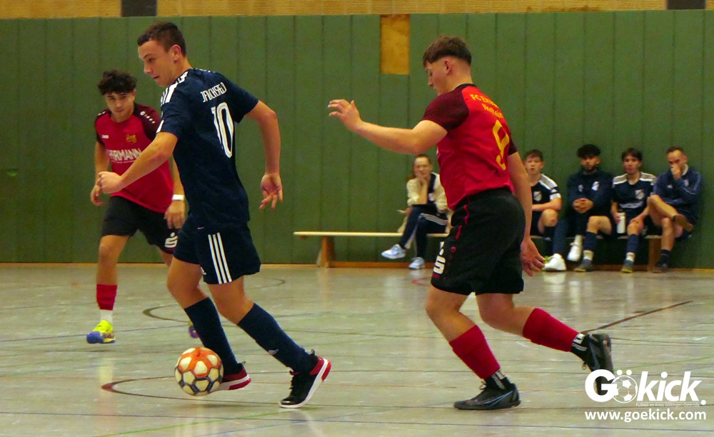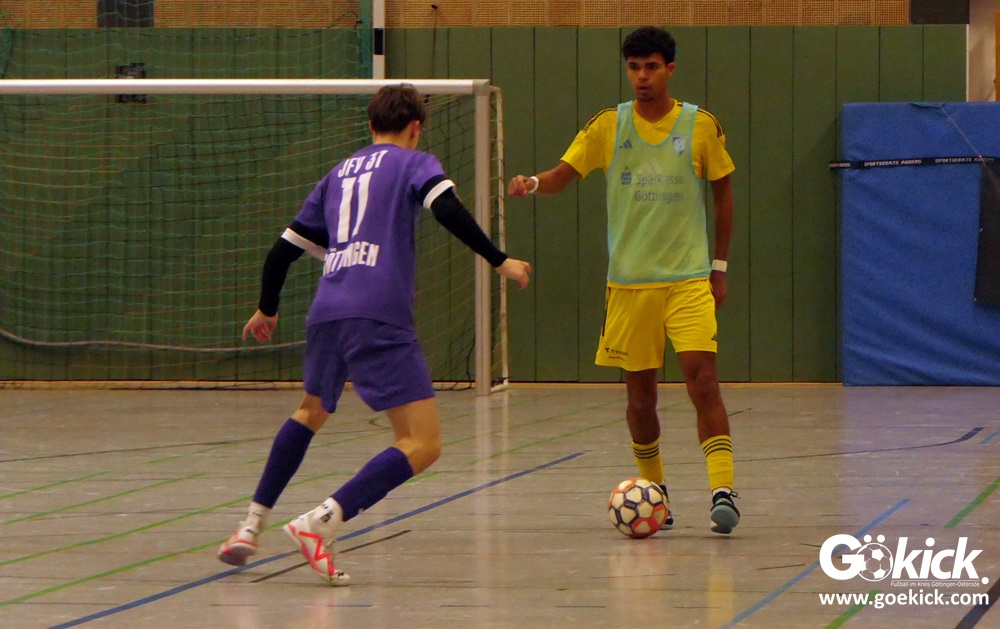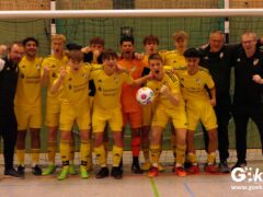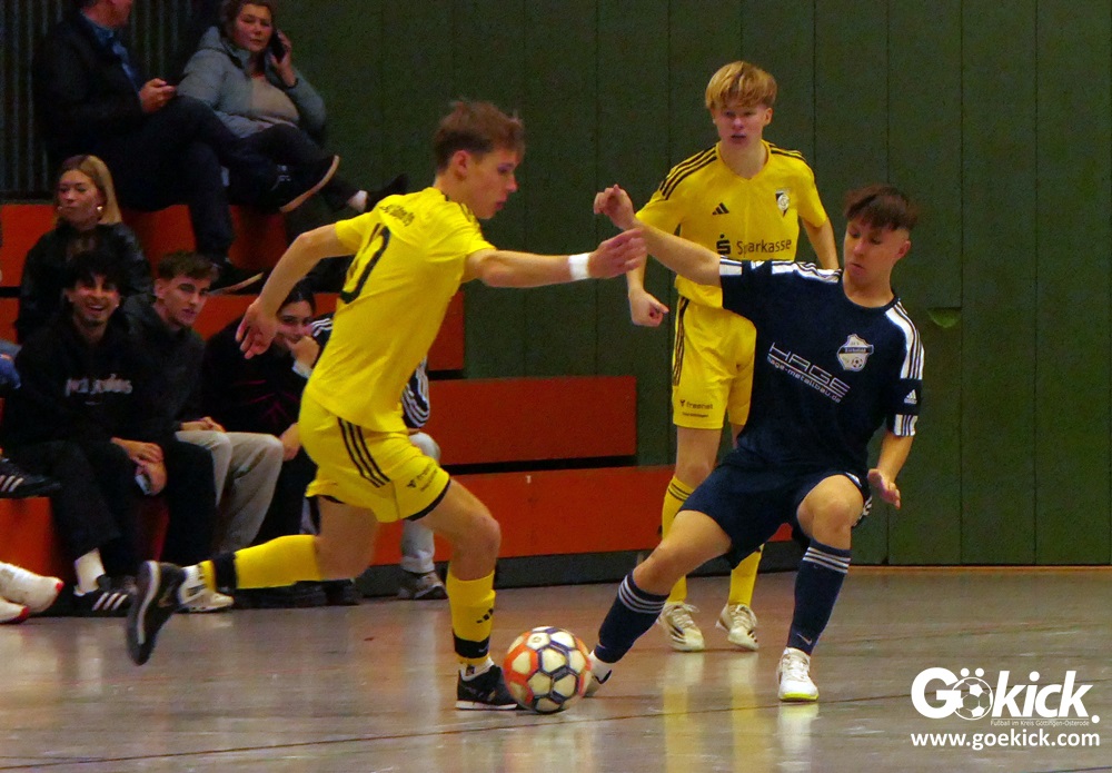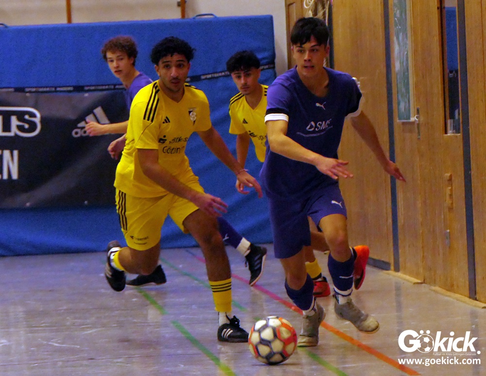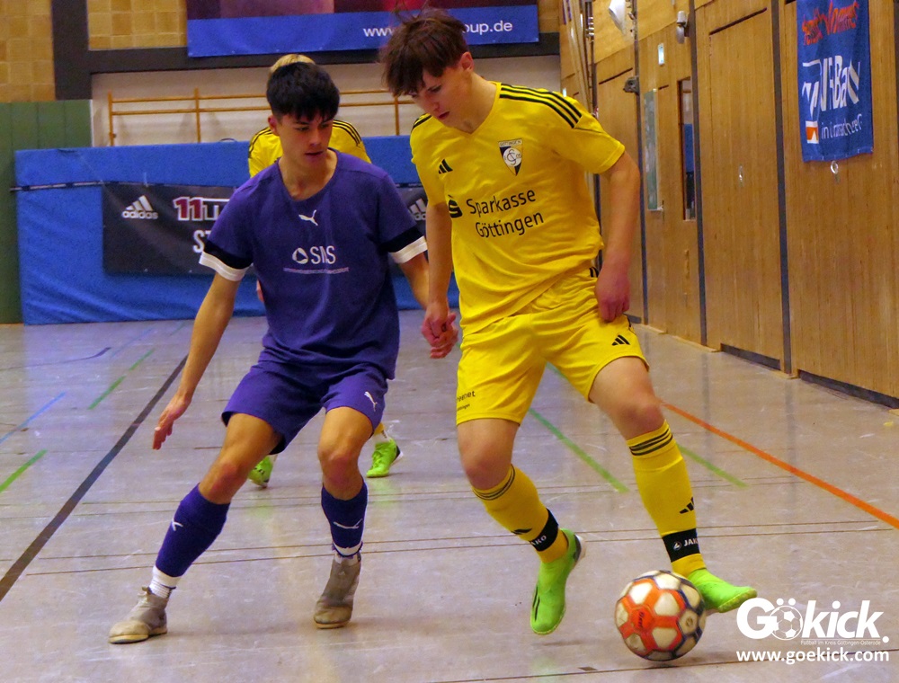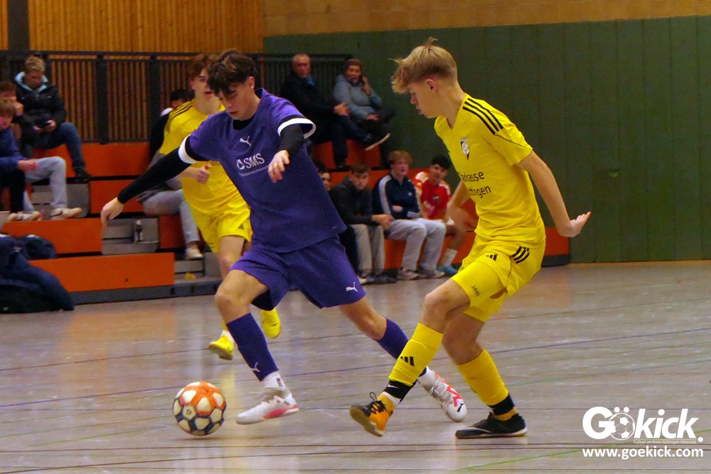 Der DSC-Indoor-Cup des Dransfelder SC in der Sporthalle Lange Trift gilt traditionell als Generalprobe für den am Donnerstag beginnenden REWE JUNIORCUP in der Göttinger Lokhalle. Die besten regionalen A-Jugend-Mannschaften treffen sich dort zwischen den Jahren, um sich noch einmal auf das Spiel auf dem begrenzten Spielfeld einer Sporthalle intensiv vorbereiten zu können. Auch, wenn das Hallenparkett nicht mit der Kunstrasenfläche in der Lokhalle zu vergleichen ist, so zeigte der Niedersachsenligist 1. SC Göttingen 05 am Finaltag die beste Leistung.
---
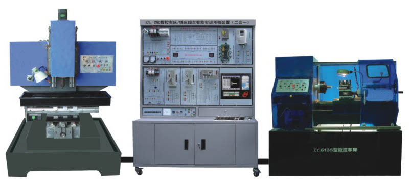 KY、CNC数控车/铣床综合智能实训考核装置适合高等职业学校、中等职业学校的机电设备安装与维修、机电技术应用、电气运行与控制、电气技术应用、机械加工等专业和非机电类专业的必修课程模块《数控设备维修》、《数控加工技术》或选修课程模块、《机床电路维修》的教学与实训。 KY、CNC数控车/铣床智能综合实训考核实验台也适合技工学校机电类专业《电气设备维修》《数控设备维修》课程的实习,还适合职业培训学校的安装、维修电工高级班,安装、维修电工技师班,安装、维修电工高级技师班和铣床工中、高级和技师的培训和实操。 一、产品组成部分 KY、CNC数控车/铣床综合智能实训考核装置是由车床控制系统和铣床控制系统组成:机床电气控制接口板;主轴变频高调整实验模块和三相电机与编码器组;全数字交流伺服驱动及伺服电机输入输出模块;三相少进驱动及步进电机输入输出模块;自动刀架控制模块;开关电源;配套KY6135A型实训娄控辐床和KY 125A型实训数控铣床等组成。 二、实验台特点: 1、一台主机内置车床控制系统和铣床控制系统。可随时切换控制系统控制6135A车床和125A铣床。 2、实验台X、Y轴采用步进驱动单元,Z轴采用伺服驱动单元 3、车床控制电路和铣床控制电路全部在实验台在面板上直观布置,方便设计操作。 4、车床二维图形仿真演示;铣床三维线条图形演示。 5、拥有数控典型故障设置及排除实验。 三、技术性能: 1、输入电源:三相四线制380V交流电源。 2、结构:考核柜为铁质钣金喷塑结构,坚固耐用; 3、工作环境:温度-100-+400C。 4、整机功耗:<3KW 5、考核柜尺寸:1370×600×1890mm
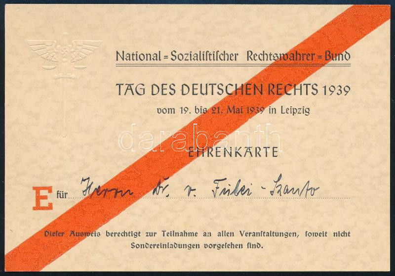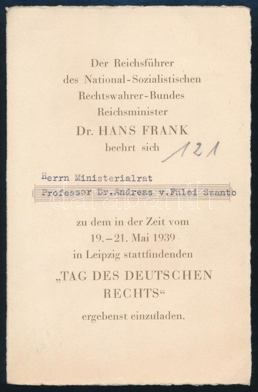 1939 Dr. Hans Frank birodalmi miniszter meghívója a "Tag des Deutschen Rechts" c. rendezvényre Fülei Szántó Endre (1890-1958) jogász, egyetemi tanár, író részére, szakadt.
---
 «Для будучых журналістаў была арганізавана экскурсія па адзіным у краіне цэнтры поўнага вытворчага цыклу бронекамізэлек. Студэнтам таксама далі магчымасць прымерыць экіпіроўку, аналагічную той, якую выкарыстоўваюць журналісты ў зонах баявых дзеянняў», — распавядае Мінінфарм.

Problem statement »
Above are the records; copy from them only the lines starting at the one containing "3、工作环境:温度-100-+400C。 4、整机功耗:<3KW 5、考核柜尺寸:1370×600×1890mm" and ending at the one containing "1939 Dr. Hans", exactly and without pictures.

Written solution »
 KY、CNC数控车/铣床综合智能实训考核装置适合高等职业学校、中等职业学校的机电设备安装与维修、机电技术应用、电气运行与控制、电气技术应用、机械加工等专业和非机电类专业的必修课程模块《数控设备维修》、《数控加工技术》或选修课程模块、《机床电路维修》的教学与实训。 KY、CNC数控车/铣床智能综合实训考核实验台也适合技工学校机电类专业《电气设备维修》《数控设备维修》课程的实习,还适合职业培训学校的安装、维修电工高级班,安装、维修电工技师班,安装、维修电工高级技师班和铣床工中、高级和技师的培训和实操。 一、产品组成部分 KY、CNC数控车/铣床综合智能实训考核装置是由车床控制系统和铣床控制系统组成:机床电气控制接口板;主轴变频高调整实验模块和三相电机与编码器组;全数字交流伺服驱动及伺服电机输入输出模块;三相少进驱动及步进电机输入输出模块;自动刀架控制模块;开关电源;配套KY6135A型实训娄控辐床和KY 125A型实训数控铣床等组成。 二、实验台特点: 1、一台主机内置车床控制系统和铣床控制系统。可随时切换控制系统控制6135A车床和125A铣床。 2、实验台X、Y轴采用步进驱动单元,Z轴采用伺服驱动单元 3、车床控制电路和铣床控制电路全部在实验台在面板上直观布置,方便设计操作。 4、车床二维图形仿真演示;铣床三维线条图形演示。 5、拥有数控典型故障设置及排除实验。 三、技术性能: 1、输入电源:三相四线制380V交流电源。 2、结构:考核柜为铁质钣金喷塑结构,坚固耐用; 3、工作环境:温度-100-+400C。 4、整机功耗:<3KW 5、考核柜尺寸:1370×600×1890mm
 1939 Dr. Hans Frank birodalmi miniszter meghívója a "Tag des Deutschen Rechts" c. rendezvényre Fülei Szántó Endre (1890-1958) jogász, egyetemi tanár, író részére, szakadt.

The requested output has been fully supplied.